I value simplicity and directness in communications. Too often we spend time mired in details that bury our main message. When I attended the Council of PR Firms 2011 Harvard Leadership Program taught by Dr. Ashish Nanda we studied the miraculous turnaround of SAS airlines. When businessman Jan Carlzon took over the Scandinavian airline in 1981 it was tanking. The airline was facing industry challenges including rising oil prices, deregulation and others. But one of the biggest issues was its very own bureaucratic culture that had hand-tied front-line employees; they could not make timely customer service decisions. To succeed Carlzon had to revolutionize the company and he had to communicate it in a revolutionary way.
He was known for saying, “An individual without information can’t take responsibility. An individual with information can’t help but take responsibility.”
But the challenge was how to deliver information effectively to a wide audience. One of the most unique approaches he took was in writing a book entitled, Let’s Get in There and Fight! and he sent it to every single employee. Right down to every gate checker, maintenance worker, baggage handler, flight attendant, manager and pilot.
The text was simple; the images were cartoons – almost child-like – conceivably drawn by Carlzon himself.
For example, he showed a plane taking a nosedive. The text reads, “We are in bad shape. But we have not reached crisis point yet. If we were, we would not know how to get our nose up again. He showed a plane soaring, “But we can. If we are ready to fight for our jobs and our future.”
No business analysis, no pie charts, no graphs, just a clear call to action, simply presented.

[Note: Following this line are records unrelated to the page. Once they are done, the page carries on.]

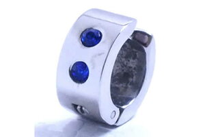 サファイアカラーのキュービックジルコニアをセットしたステンレス製のイヤーカフ。イヤリングなのに装着するとピアスにしか見えません。挟むだけで簡単に装着でき、素材も安心のサージカルステンレスなので、安心。装着するだけでま
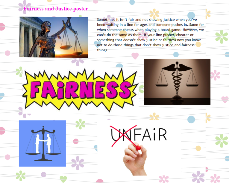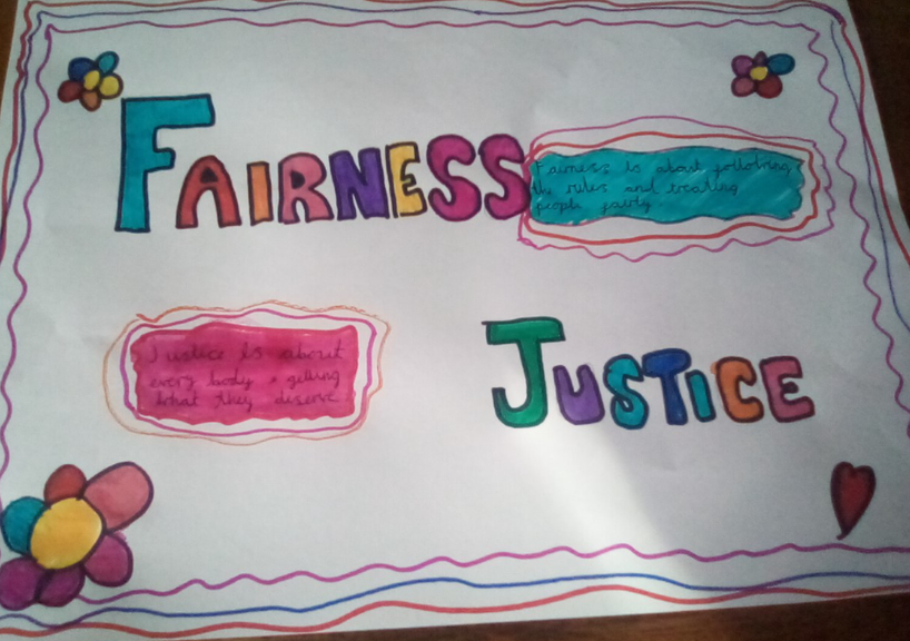 Fairness and Justice are our values this term, but what do those words actually mean? Today, we would like you to look up those words and think about how we can demonstrate those qualities as individuals. You and your family may give regularly to charities as a way of sharing your wealth and try to make things a bit fairer. You may also have stood up for a friend at school when you felt they were being treated unkindly by others or fought for justice for something you strongly believed in. Watch this video and have a think about its message, then create us a poster to show us what you have understood:
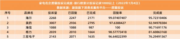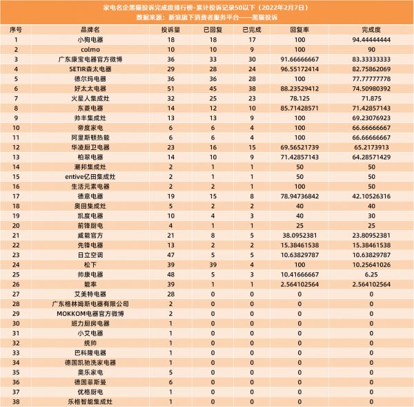 为了帮助广大消费者更及时直观了解到家电品类商家服务质量,2022年1月1日起,新浪家居家电事业部将每周根据最新数据汇总统计家电名企黑猫投诉完成度排行榜。榜单完全依据黑猫投诉平台现有最新累计投诉及回复率、完成度情况统计而出,希望借此显扬急速响应、急速反馈、妥善解决消费问题的企业,也借此警醒面对消费投诉不作为或懒作为的企业。
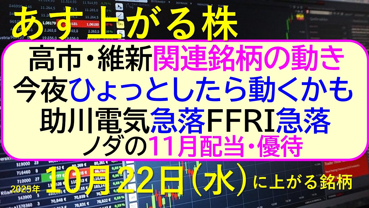 あす上がる株 2025年10月22日(水)に上がる銘柄。高市・維新関連銘柄の動き。今夜ひょっとしたら動くかも。NTTの買い時。ノダの11月配当・優待~最新の日本株情報。高配当株の株価やデイトレ情報~
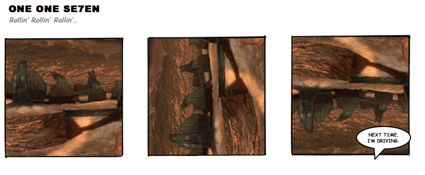 On April 30, 2003, Stuntmutt began turning in episodes of a new comic known as One One Se7en. We'll present them here, in the order in which they were submitted, as they come in. New submissions were added Monday, Wednesday, and Friday. On March 3, 2008, One One Se7en was retired from regular releases - Stunt's life got a tad too busy for 3 strips per week. (He still comes by with new content when the situation arises, however.)

You have to see the book to believe it: http://www.slideshare.net/thecroaker/jan-carlzons-sas-presentation
He also met face to face with employees, listening, surveying, and empowering them to make decisions, eliminating middle management along the way. Employees, especially the front-line, rallied around his leadership and communications style. We watched video of Carlzon speaking. He was engaging, simple and inclusive in his delivery, always using “we” and “us” rather than “you” and “them.”
The changes at SAS led to Air Transport World naming SAS Airline of the Year for 1983 just two years after Carlzon applied his leadership. Dr. Nanda told us Jan Carlzon’s turnaround of SAS is one of the classic business case studies at Harvard.